Idque petit corpus mens unde est saucia amore; Unde feritur, eo tendit, gestitq: coire._LUCR.

Having to no purpose used all peaceable endeavours, the collected part of the semen, raised and inflamed, became adust, converted to choler, turned head upon the spinal duct, and ascended to the brain. The very same principle that influences a bully to break the windows of a whore who has jilted him, naturally stirs up a great prince to raise mighty armies, and dream of nothing but sieges, battles, and victories.

—- Teterrima belli Causa —-

The other instance [3] is what I have read somewhere in a very ancient author, of a mighty king, who, for the space of above thirty years, amused himself to take and lose towns, beat armies, and be beaten, drive princes out of their dominions; fright children from their bread and butter; burn, lay waste, plunder, dragoon, massacre subject and stranger, friend and foe, male and female. `Tis recorded, that the philosophers of each country were in grave dispute upon causes natural, moral, and political, to find out where they should assign an original solution of this phenomenon.
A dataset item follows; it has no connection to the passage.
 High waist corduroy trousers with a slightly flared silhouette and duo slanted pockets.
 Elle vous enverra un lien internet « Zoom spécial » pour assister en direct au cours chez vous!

At last the vapour or spirit, which animated the hero’s brain, being in perpetual circulation, seized upon that region of the human body, so renowned for furnishing the zibeta occidentalis, [4] and gathering there into a tumor, left the rest of the world for that time in peace. Of such mighty consequence it is where those exhalations fix, and of so little from whence they proceed. The same spirits which, in their superior progress would conquer a kingdom, descending upon the anus, conclude in a fistula.